The standard benchmark used to evaluate the performance on OLTP systems is TPC-C. One key requirement of the benchmark says that the system under test must run the benchmark transactions correctly (serializably); indeed, the benchmark seems designed to produce lots of conflicts between concurrent transactions at high load, in order to test the efficiency of the locking mechanisms. However, it is known that special characteristics of the benchmark programs mean that some incorrect concurrency control algorithms (such as the Snapshot Isolation method used in Oracle and PostresSQL) still give serializable execution for the particular programs that make up the benchmark. The goal of this project is to design a benchmark that is targeted for investigating the performance/correctness tradeoffs. It should have the property that different weak isolation mechanisms (such as snapshot or readcommitted isolation) produce easily detected violations of integrity constraints; also, different concurrency control should give different violations. Of course, the benchmark should still have the properties of any benchmark: easily reproduced, sensitive to the different aspects of performance (including disk management, buffer management, query optimization, etc), and a reasonable model of typical application behaviour!

This project is suitable for Research Track (18crpts). This project would be part of the activity of the Middleware research group of the School. This project requires good awareness of performance issues, very careful handling of numerical data, and some programming.

Support for general predicates in promises

"Promiss" is an approach to providing isolation between long-running activities in service oriented architectures, introduced recently by researchers from Sydney University and CSIRO (see Isolation Support for Service-Based Applications: A Position Paper" by Greenfield, Fekete, Jang, Kuo and Nepal). We have discussed how to implement promises for the simpler access styles in Delivering Promises for Isolation Support" by Jang, Fekete and Greenfield, but an important case has not yet been designed fully. This research project will complete the story by showing how to support promises which refer to resources based on arbitrary properties. For example, one client could request a promise of availability for a hotel room with a sea view, while another client wants to be guaranteed that they can get a non-smoking room. The promise Manager will need to be aware of which rooms can satisfy different requests, and make sure double-booking never occurs.

This is suitable as 18crpts Research project. This project would be part of the activity of the Middleware research group of the School. This project requires good programming skills, including database queries and use of logic tools.

Update-anywhere with Berkeley DB replication

Berkeley DB is a popular open source embedded database library used in a wide variety of open source and commercial applications. It supports many advanced database features such as ACID transactions, fine-grained locking, hot backups and replication. The most recent release adds support for multiversion concurrency control with snapshot isolation.
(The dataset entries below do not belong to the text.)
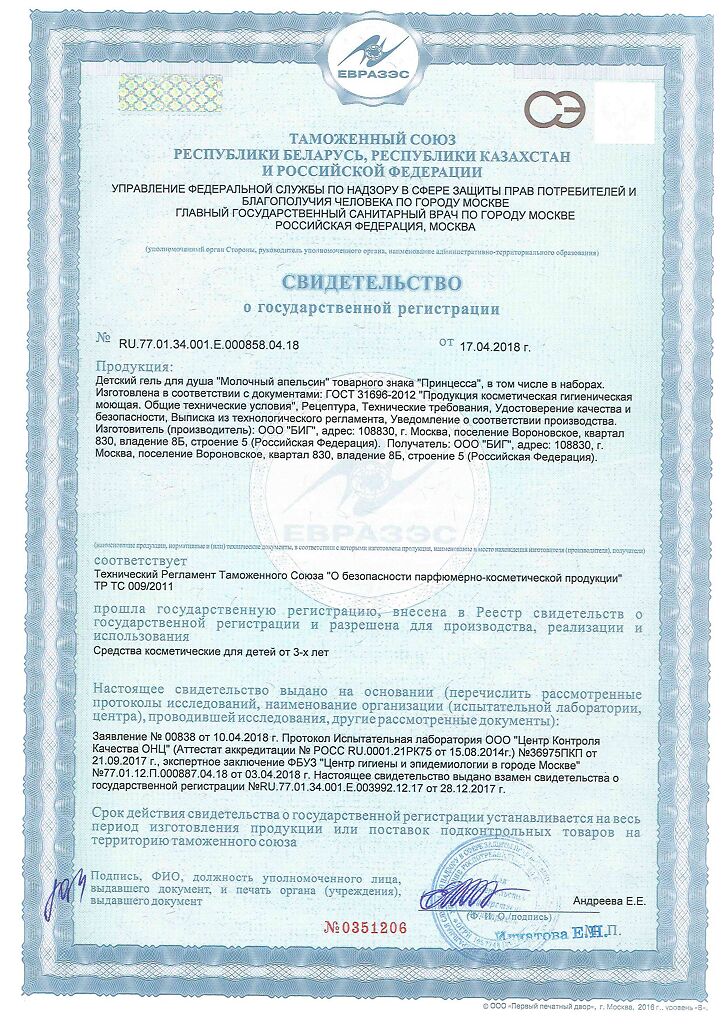 Документы Принцесса Гель для душа детский Молочный апельсин 400 мл 1 шт
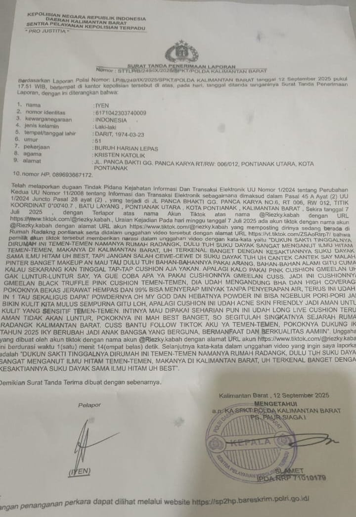 Laporan pengaduan itu kini resmi tercatat dalam LP Nomor: STTLP/B/249/IX/2025/SPKT/Polda Kalimantan Barat.
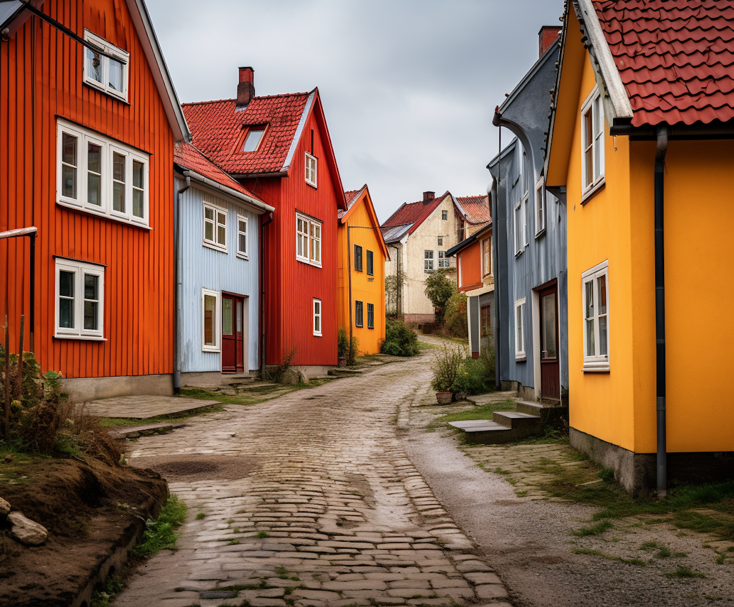 Charming village street with colorful wooden houses and cobblestone path under an overcast sky, creating a serene atmosphere.

The replication support in Berkeley DB allows a group of database environments to share a set of databases. There is a single master database environment and one or more client database environments. Master environments support both database reads and writes; client environments support only database reads. If the master environment fails, applications may upgrade a client to be the new master. All databases are replicated from the master to all clients. Currently, the application has to keep track of which node is currently the master, and direct updates from clients to the master (something that Berkeley DB does not provide any help with). The goal of this project is to allow updates to be initiated at any node, and use snapshot isolation to perform the updates safely at the master site. It will involve getting your hands dirty with replicated database code.
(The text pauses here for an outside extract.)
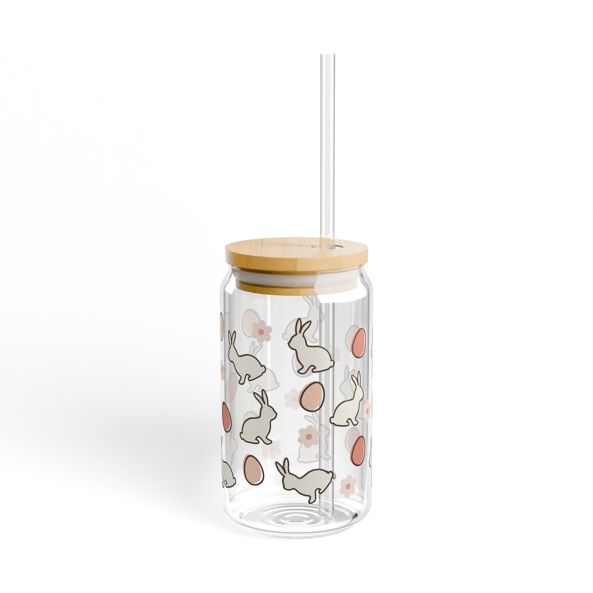 Sweet Bunny Tumbler Sipper Glass 16oz — Reusable Drink Jar with Lid & Straw
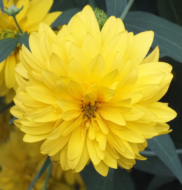 Прямостоячий многолетник.В конце лета и осенью пышные похожие на хризантемы ярко- желтые соцветия с оттенком зелени в середине появляются по одному на крепких цветоносах.Листья глубокорассеченные, тускло-зеленые. Высота 1,5-2м.диаметр куста 60-70см

Snapshot isolation relies on maintaining multiple versions of data, and reading data as it was at a given timestamp (the timestamp current when the transaction started). When a client wants to initiate an update, this project will extend Berkeley DB to begin two transactions, one on the client and one on the master. All reads can use the transaction on the client, updates will be performed on the master using the corresponding transaction there. The "first committer wins" rule of snapshot isolation will ensure that if the transaction on the master commits successfully, the data read by the client was valid.
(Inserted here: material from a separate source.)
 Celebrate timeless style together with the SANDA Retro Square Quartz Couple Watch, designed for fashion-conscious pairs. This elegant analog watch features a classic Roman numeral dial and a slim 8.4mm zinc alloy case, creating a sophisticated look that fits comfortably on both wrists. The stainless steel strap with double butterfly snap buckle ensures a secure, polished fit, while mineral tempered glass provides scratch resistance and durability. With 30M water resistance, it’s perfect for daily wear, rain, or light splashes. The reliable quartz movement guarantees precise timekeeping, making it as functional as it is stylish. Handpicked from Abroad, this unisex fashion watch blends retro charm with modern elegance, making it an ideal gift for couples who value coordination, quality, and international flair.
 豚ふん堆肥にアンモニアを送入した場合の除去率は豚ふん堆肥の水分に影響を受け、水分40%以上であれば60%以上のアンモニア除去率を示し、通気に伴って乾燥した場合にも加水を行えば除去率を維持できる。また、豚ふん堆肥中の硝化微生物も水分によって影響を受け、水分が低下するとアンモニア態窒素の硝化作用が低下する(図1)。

This project is suitable for Research Track (18crpts). There are two parts to the work: setting up a pair of transactions with equal read timestamps, and ensuring that the application does in fact run at snapshot isolation. In particular, if within a transaction the application writes then reads some data, it should see its own updates. This will involve either shipping results from master to client within the scope of the transaction, or performing the updates locally on the client in addition to on the master. There are several design choices involved, and the evaluation of the resulting system in light of those choices will be a critical component of the project. Skills required: excellent C programming and awareness of concurrency control issues.